Data entries:
Segment Open
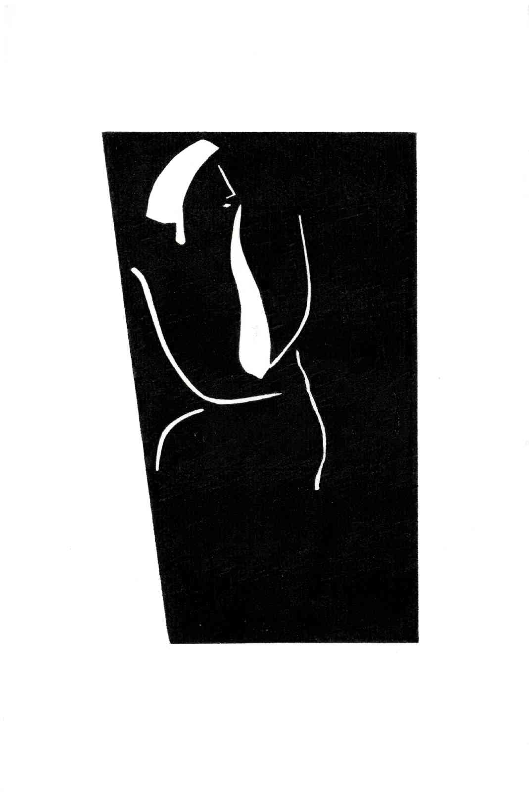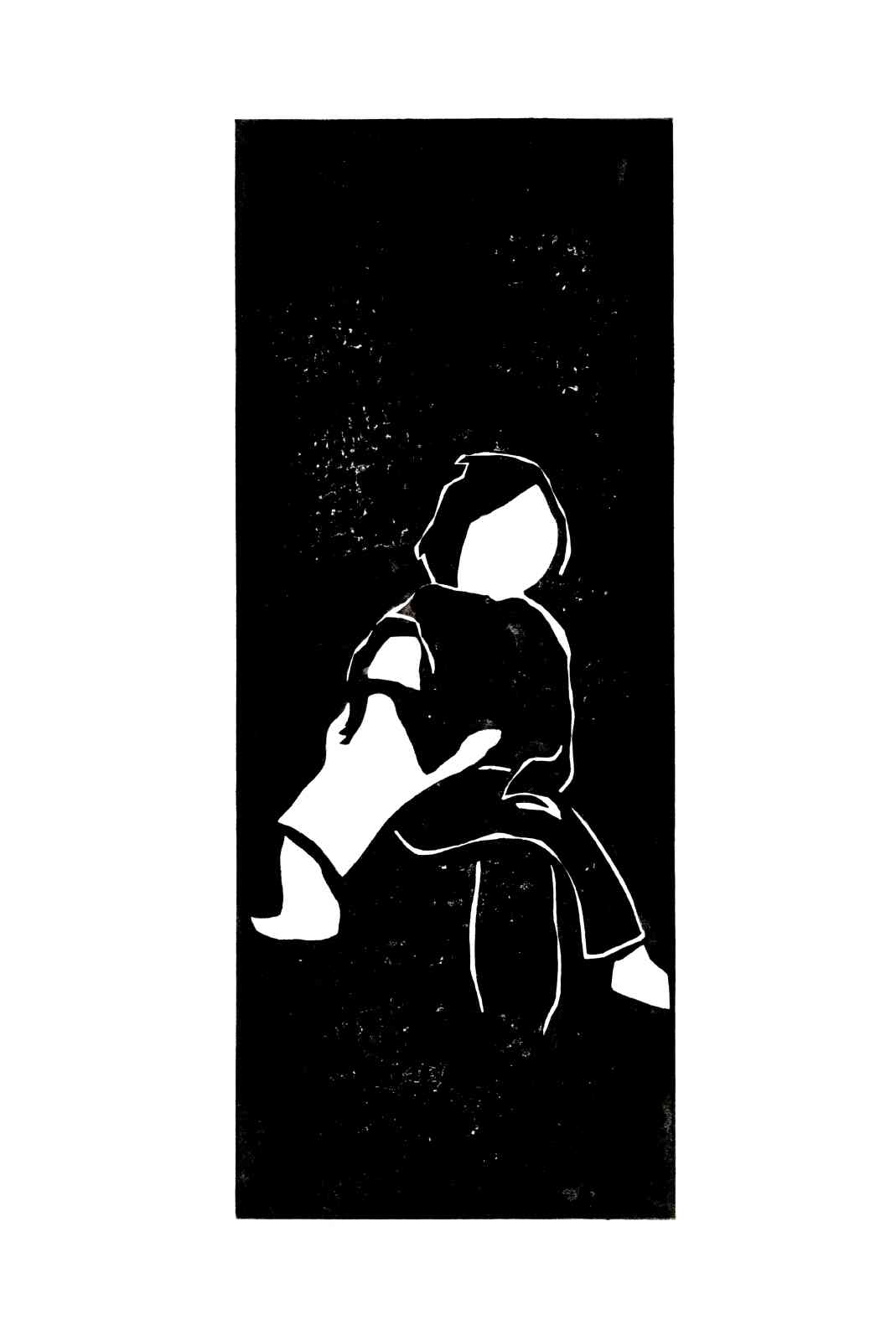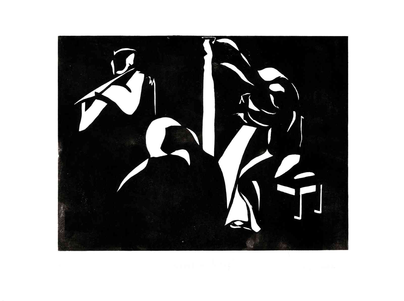 Bei dieser Hochdrucktechnik wird das Motiv direkt auf einen Karton gezeichnet. Mit geeignetem Schneidewerkzeug werden Linien und Flächen aus dem Karton herausgeschnitten. Es entsteht ein Papierschnitt, eine Schablone, die als Druckstock dient. Dieser wird mit schwarzer Farbe eingewalzt und in einer kleinen Auflage, durch Reibung mit einem Falzbein, auf Papier gedruckt. Zuletzt werden ausgewählte Auflagen einzelner Motive aquarelliert.
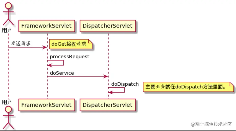 前端请求发过来,DispatcherServlet接收到(因为它是个servlet,配置在web.xml的),根据上一步处理好的映射关系,找到对应的方法来处理。
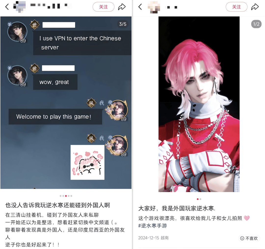 也有少数等不及了的老外,直接翻墙进国区玩《逆水寒》手游。
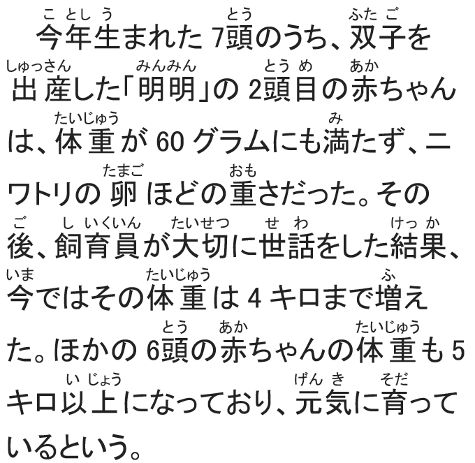 日文朗读 | 陕西出生仅1个鸡蛋重的熊猫长大了!
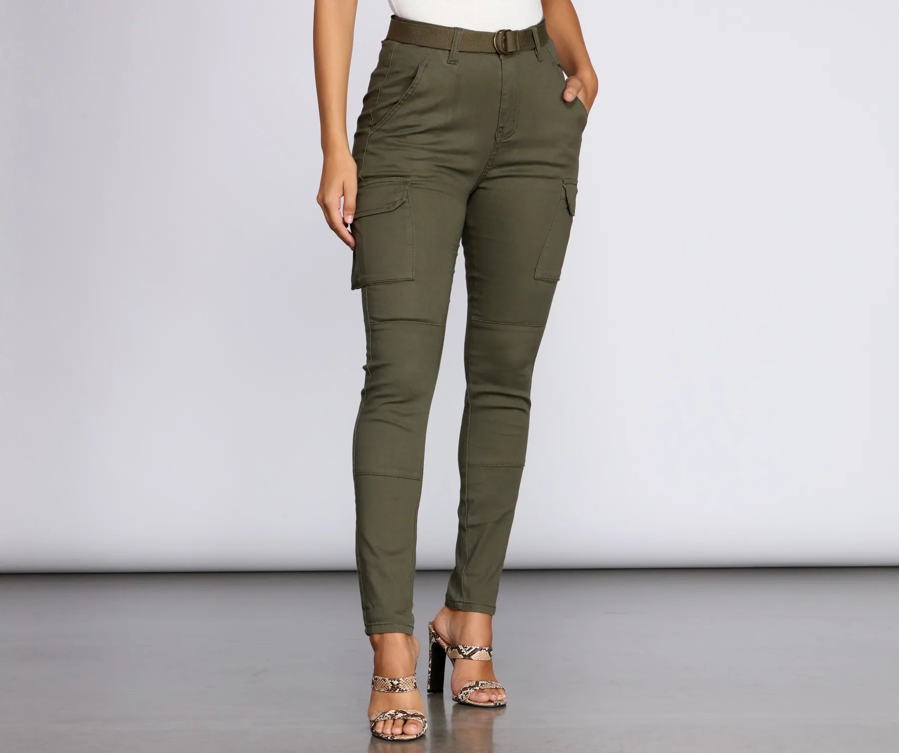 Babe. you'll be lookin' good in those skinny cargo pants! Featuring a woven belt and a tight. super-flattering fit. these bottoms are a closet staple. Pair with a basic top and add on some heels for a cute day-out look.
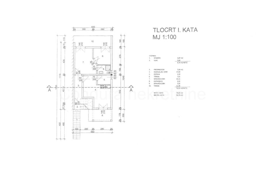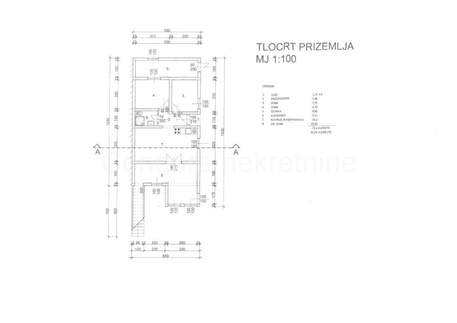 U prizemlju je jedan stan veličine 72,4 m2, koji se sastoji od ulaza, kupaonice, dvije spavaće sobe, kuhinje s blagovaonicom, dnevnog boravka te ostave.
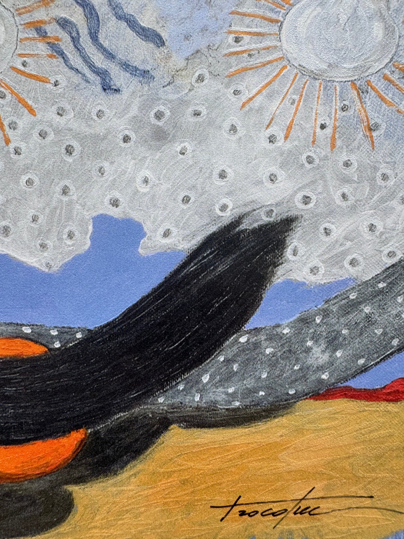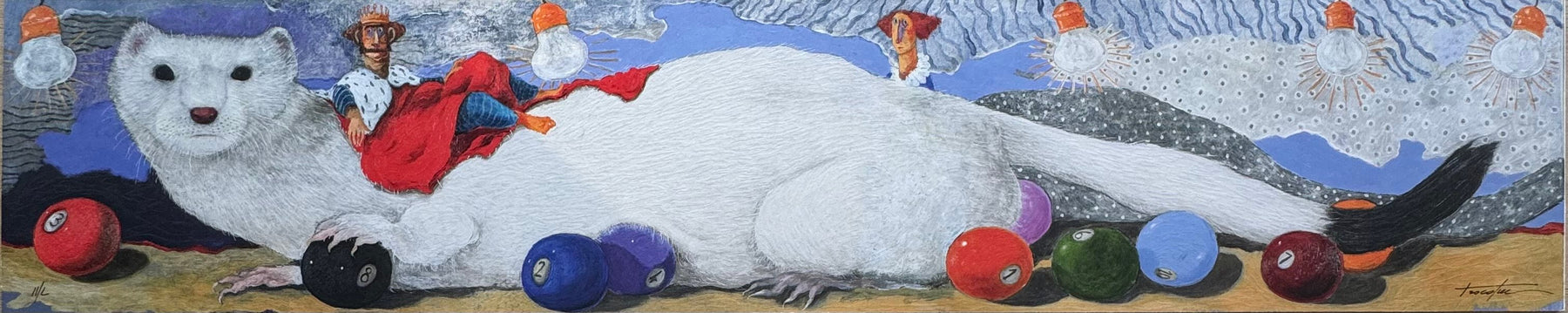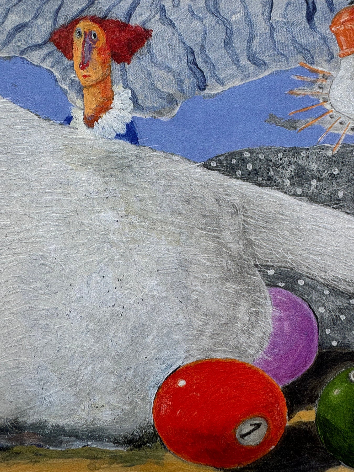L'artista rappresenta gli eventi di ogni giorno in modo surreale, utilizzando l'ironia che da sempre contraddistingue il suo tratto: giocoso, fumettistico e colorato.
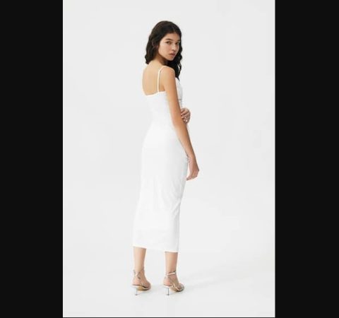 ¡Luce mejor este verano con el vestido midi con escote drapeado que ofrece Pull & Bear! Nuestro vestido midi con escote drapeado es una prenda perfecta para cualquier ocasión de verano. Este hermoso vestido está fabricado con un tejido ligero y suave para una comodidad máxima. El escote drapeado y los tirantes finos le dan al vestido un toque moderno y refinado.
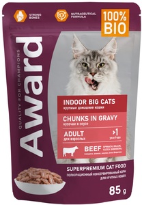 Влажный корм Award Indoor для кошек крупных пород кусочки в соусе с говядиной, Авард
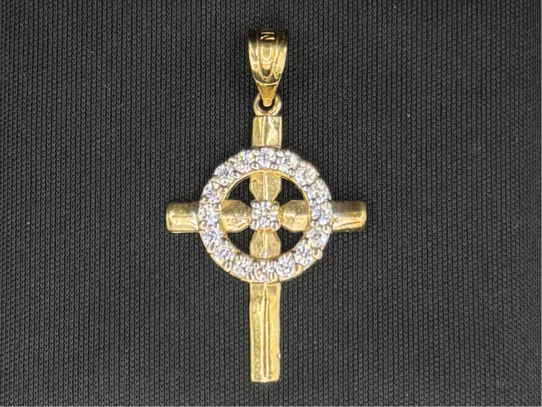 10K GOLD CZ CELTIC CROSS PENDANT
Segment Closed
Task requirements: With the images left out, set down every entry exactly.

Task output:
 Bei dieser Hochdrucktechnik wird das Motiv direkt auf einen Karton gezeichnet. Mit geeignetem Schneidewerkzeug werden Linien und Flächen aus dem Karton herausgeschnitten. Es entsteht ein Papierschnitt, eine Schablone, die als Druckstock dient. Dieser wird mit schwarzer Farbe eingewalzt und in einer kleinen Auflage, durch Reibung mit einem Falzbein, auf Papier gedruckt. Zuletzt werden ausgewählte Auflagen einzelner Motive aquarelliert.
 前端请求发过来,DispatcherServlet接收到(因为它是个servlet,配置在web.xml的),根据上一步处理好的映射关系,找到对应的方法来处理。
 也有少数等不及了的老外,直接翻墙进国区玩《逆水寒》手游。
 日文朗读 | 陕西出生仅1个鸡蛋重的熊猫长大了!
 Babe. you'll be lookin' good in those skinny cargo pants! Featuring a woven belt and a tight. super-flattering fit. these bottoms are a closet staple. Pair with a basic top and add on some heels for a cute day-out look.
 U prizemlju je jedan stan veličine 72,4 m2, koji se sastoji od ulaza, kupaonice, dvije spavaće sobe, kuhinje s blagovaonicom, dnevnog boravka te ostave.
L'artista rappresenta gli eventi di ogni giorno in modo surreale, utilizzando l'ironia che da sempre contraddistingue il suo tratto: giocoso, fumettistico e colorato.
 ¡Luce mejor este verano con el vestido midi con escote drapeado que ofrece Pull & Bear! Nuestro vestido midi con escote drapeado es una prenda perfecta para cualquier ocasión de verano. Este hermoso vestido está fabricado con un tejido ligero y suave para una comodidad máxima. El escote drapeado y los tirantes finos le dan al vestido un toque moderno y refinado.
 Влажный корм Award Indoor для кошек крупных пород кусочки в соусе с говядиной, Авард
 10K GOLD CZ CELTIC CROSS PENDANT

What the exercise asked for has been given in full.